BasedHardware · beastoin · Mar 6, 2026 · Mar 6, 2026 · Mar 6, 2026 · Mar 6, 2026
diff --git a/desktop/.env.example b/desktop/.env.example
@@ -17,9 +17,6 @@
 # Production: https://api.omi.me
 OMI_API_URL=http://localhost:8080
 
-# DeepGram API key — required for real-time transcription
-DEEPGRAM_API_KEY=
-
 # ─── AI (optional) ──────────────────────────────────────────────────
 # Gemini API key for proactive assistants and embeddings
 # Falls back to backend-side processing if not set

diff --git a/desktop/CHANGELOG.json b/desktop/CHANGELOG.json
@@ -1,5 +1,7 @@
 {
-  "unreleased": [],
+  "unreleased": [
+    "Removed client-side Deepgram API key — transcription now routes securely through the Omi backend"
+  ],
   "releases": [
     {
       "version": "0.11.90",

diff --git a/desktop/Desktop/Sources/AppState.swift b/desktop/Desktop/Sources/AppState.swift
diff --git a/desktop/Desktop/Sources/Audio/AudioSourceManager.swift b/desktop/Desktop/Sources/Audio/AudioSourceManager.swift
@@ -301,7 +301,6 @@ final class AudioSourceManager: ObservableObject {
         // Start BLE audio processing with direct audio callback and WAL recording
         await bleAudioService.startProcessing(
             from: connection,
-            transcriptionService: nil,  // We'll handle routing ourselves
             audioDataHandler: { [weak self] pcmData in
                 // Convert decoded PCM mono to stereo and forward
                 self?.handleBleAudio(pcmData)

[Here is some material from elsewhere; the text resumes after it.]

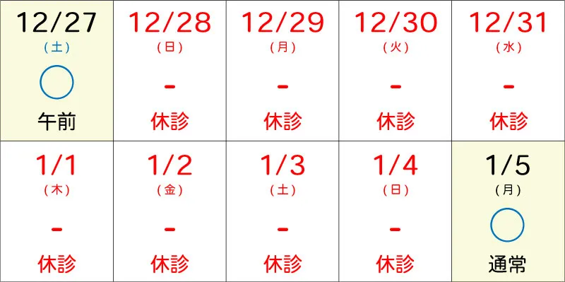 【12/28-1/4】年末年始の休診日
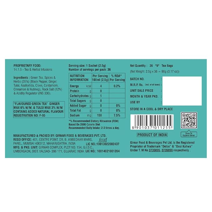 Girnar Food & Beverages Pvt. Ltd. Detox Green Tea - Desi Kahwa

diff --git a/desktop/Desktop/Sources/Audio/BleAudioService.swift b/desktop/Desktop/Sources/Audio/BleAudioService.swift
@@ -27,7 +27,7 @@ final class BleAudioService: ObservableObject {
     private var cancellables = Set<AnyCancellable>()
 
     // Audio delivery
-    private var transcriptionService: TranscriptionService?
+    private var audioSink: ((Data) -> Void)?

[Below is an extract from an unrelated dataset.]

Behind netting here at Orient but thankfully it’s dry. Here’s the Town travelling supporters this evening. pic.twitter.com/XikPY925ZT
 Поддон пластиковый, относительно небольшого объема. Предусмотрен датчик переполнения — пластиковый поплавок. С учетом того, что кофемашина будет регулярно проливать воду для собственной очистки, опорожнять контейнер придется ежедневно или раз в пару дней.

     private var audioDataHandler: ((Data) -> Void)?
     private var rawFrameHandler: ((Data) -> Void)?
 
@@ -44,12 +44,12 @@ final class BleAudioService: ObservableObject {
     /// Start processing audio from a device connection
     /// - Parameters:
     ///   - connection: The device connection to get audio from
-    ///   - transcriptionService: Optional transcription service to send audio to
+    ///   - audioSink: Optional closure to receive decoded mono PCM audio (e.g., send to transcription service)

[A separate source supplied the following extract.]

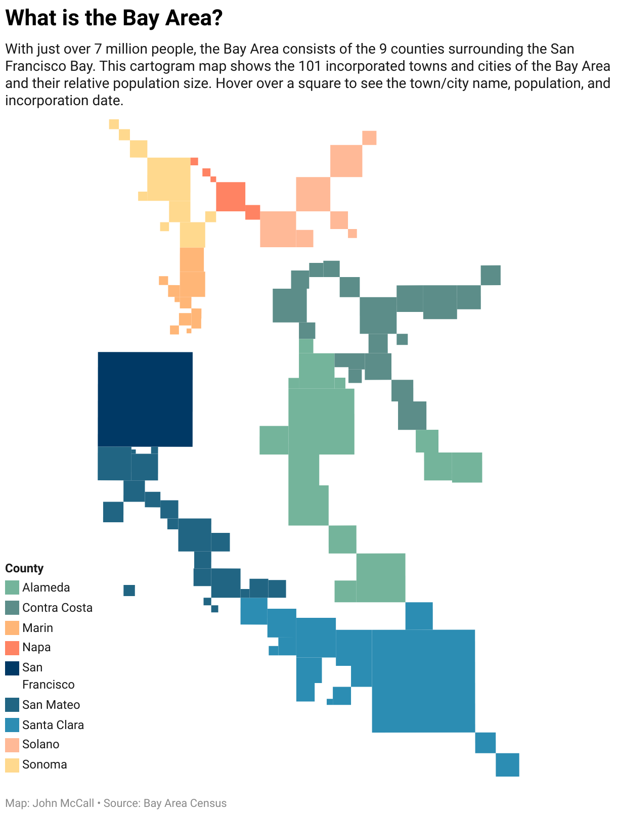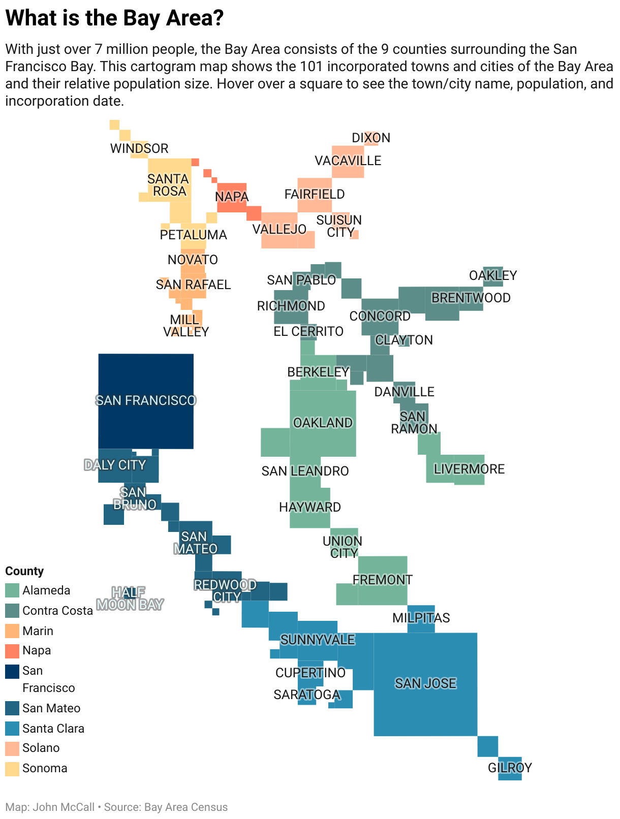 This physical map gives you a good sense for how big the Bay Area really is and the true location of the towns and cities (within the framework of this map projection, of course). But it also causes the squares to be small and far apart. That’s why I created an alternative version; a proper cartogram:

     ///   - audioDataHandler: Optional handler for decoded PCM data (alternative to transcription)
     ///   - rawFrameHandler: Optional handler for raw encoded frames (for WAL recording)
     func startProcessing(
         from connection: DeviceConnection,
-        transcriptionService: TranscriptionService? = nil,
+        audioSink: ((Data) -> Void)? = nil,
         audioDataHandler: ((Data) -> Void)? = nil,
         rawFrameHandler: ((Data) -> Void)? = nil
     ) async {
@@ -58,7 +58,7 @@ final class BleAudioService: ObservableObject {
             return
         }
 
-        self.transcriptionService = transcriptionService
+        self.audioSink = audioSink
         self.audioDataHandler = audioDataHandler
         self.rawFrameHandler = rawFrameHandler
 
@@ -126,7 +126,7 @@ final class BleAudioService: ObservableObject {
         cancellables.removeAll()
 
         isProcessing = false
-        transcriptionService = nil
+        audioSink = nil
         audioDataHandler = nil
         rawFrameHandler = nil
 
@@ -194,37 +194,13 @@ final class BleAudioService: ObservableObject {
         // Calculate audio level
         updateAudioLevel(from: pcmData)
 
-        // Send to transcription service (mono channel)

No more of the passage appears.